Пришел из кабинета Николай Иванович, сказал, потирая руки:
— Что ж, Ибрай, завтра и представим все Василию Васильевичу. Одна только загвоздка — учители. Жалованье меньше дворницкого. Придется на первой поре из отставных унтеров-татар находить.
— Я пойду в учители, — сказал он.
Все с удивлением посмотрели на него. Лишь Дарья Михайловна будто сразу поняла, о чем он говорит. А он и сам не знал, как это получилось у него. Все эти месяцы думал он о своем, и внутри все уже было решено, но сегодня впервые выговорил он это вслух и сам удивился. Да, конечно, у него один только путь. Оглядев этих ставших близкими ему людей серьезным взглядом, принялся он говорить о самом главном своем, об узунских кипчаках…
Вставала степь без конца и края, а посреди нее в узком кругу жили люди, частью которых состоял он сам. Многое умели они: объезжать диких лошадей, строить самые легкие на земле жилища, ткать шерсть, ковать железо, петь высокие песни. И по краям степи стоят крытые слепящей глазурью каменные строения, всем видом своим похожие на их нынешние жилища, потому что были тоже их частью. Но вот уже из века в век движутся они в одном кругу, не находя для себя выхода. От этого однообразного кружения искривляются их отношения между собой, закостеневают мышцы и перестает хватать дыхания…
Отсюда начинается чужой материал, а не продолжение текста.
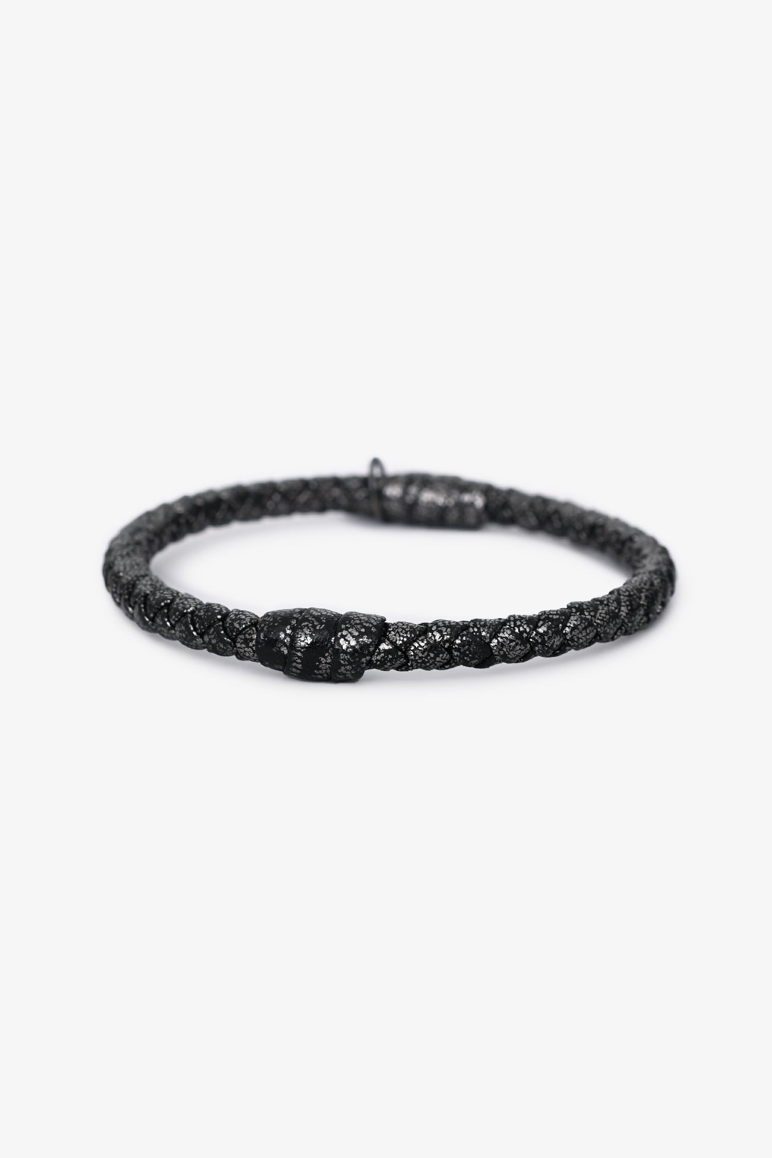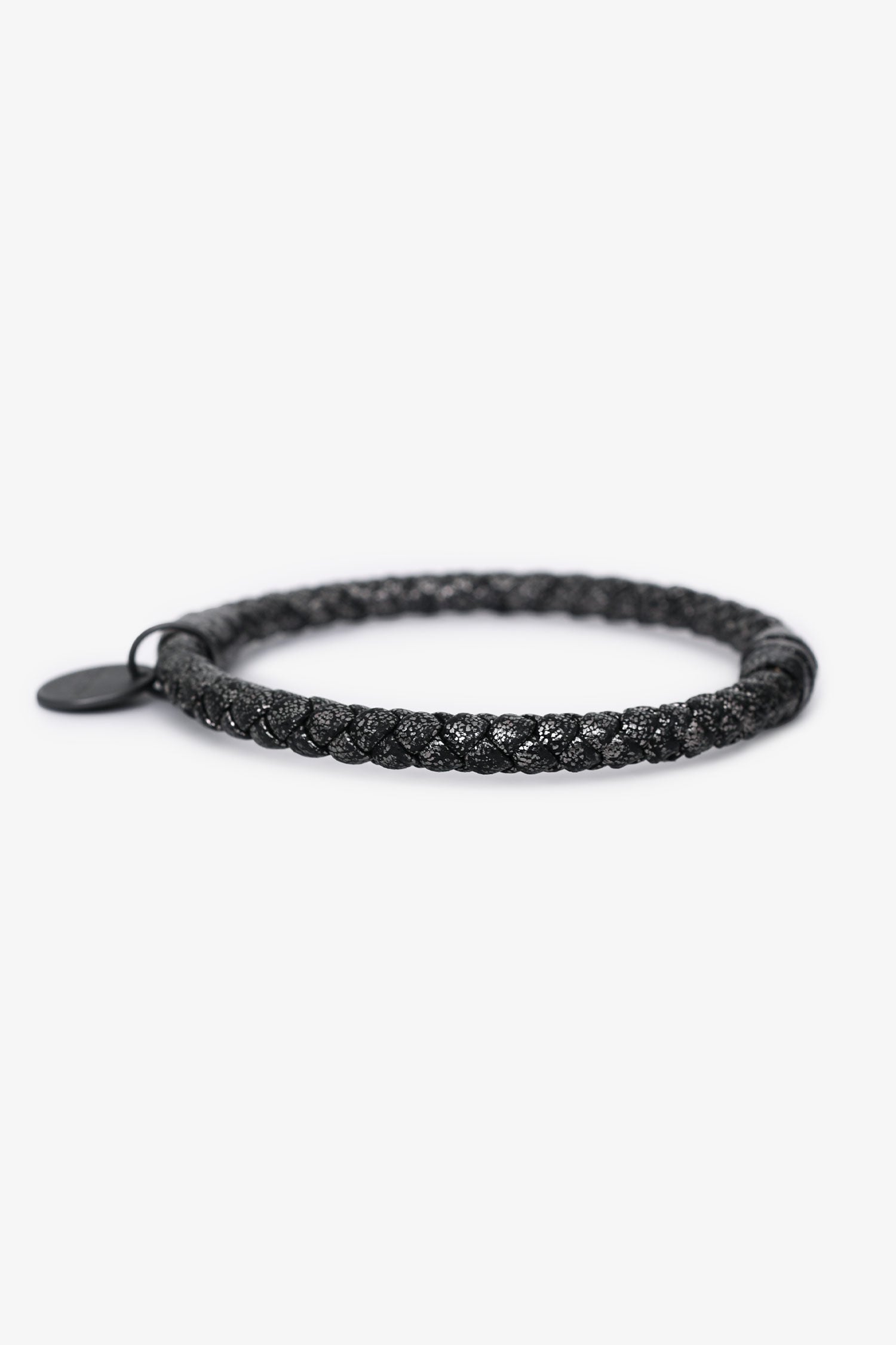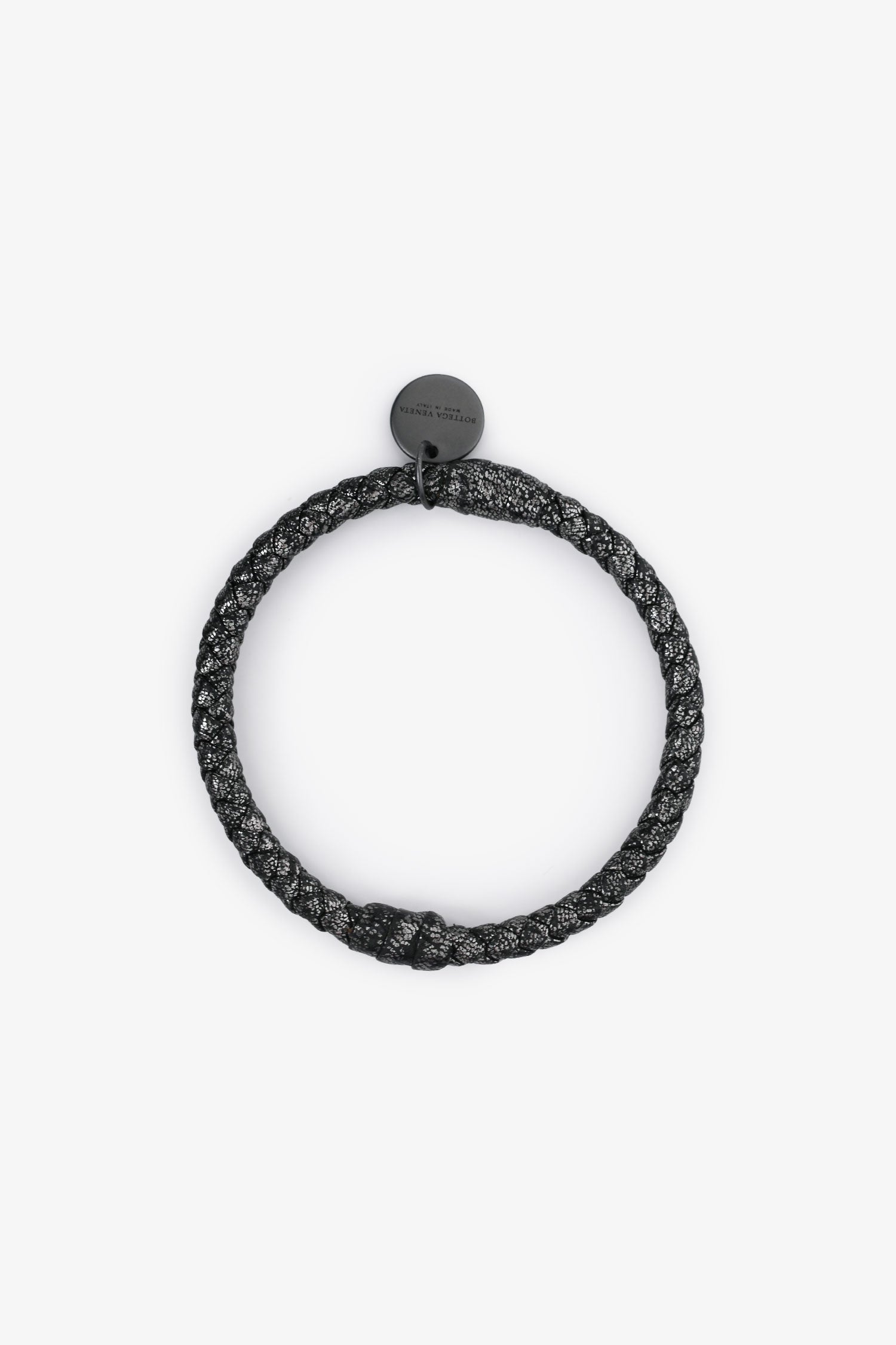 Bottega Veneta Dark Grey Metallic Leather Intrecciato Bracelet. Pull-on. Tonal hardware. Tonal stitching.

Он говорил это другими словами, рассказывал о долгих зимних ночах на кыстау, о белых рассветах, в которых несутся мимо друг друга безмолвные группы всадников, о могиле безвестного человека Нурмана Каирбаева, погибшего по неосторожности, о бие Балгоже, о дяде Хасене и дяде Кулубае, о некоем джигите, сидящем в Троицком остроге, о всех них, живущих зимой на Тоболе и уходящих летом к Золотому озеру. И про Человека с саблей, который приходит к нему ночами, рассказал он.
Как же может он оставить их на произвол судьбы? Кем сам тогда он сделается, отторгнутый от своих корней? Ничего ему не остается, как идти в учителя.
Она не отводила от него глаз, и ему легко было говорить. Он не ошибся в своем доверии. И твердо знал, что ту же ступень человеческого участия встретит у самых разных из этих людей: у господина Дынькова, у учителя Алатырцева и приходящих к нему офицеров, даже у генерала Василия Васильевича, обвиненного в тайном журнале за разгром аулов батыра Исета Кутебарова. В них это было — природное русское чувство.
Существовали, правда, Евграф Степанович Красовский, мясник Тимофей Ильич, пристав Покотилов. Но они для него были исключены из этого единства, как исключались им при оценке мира узунских кипчаков злобность дяди Хасена или хитрости дяди Кулубая. Здесь ничего не прощалось. Была книга в темнозеленом переплете, которая все выводила из замкнутого круга. Даже сделанное по службе Генералом Василием Васильевичем тут же получало оценку. Сюда можно было идти без колебаний…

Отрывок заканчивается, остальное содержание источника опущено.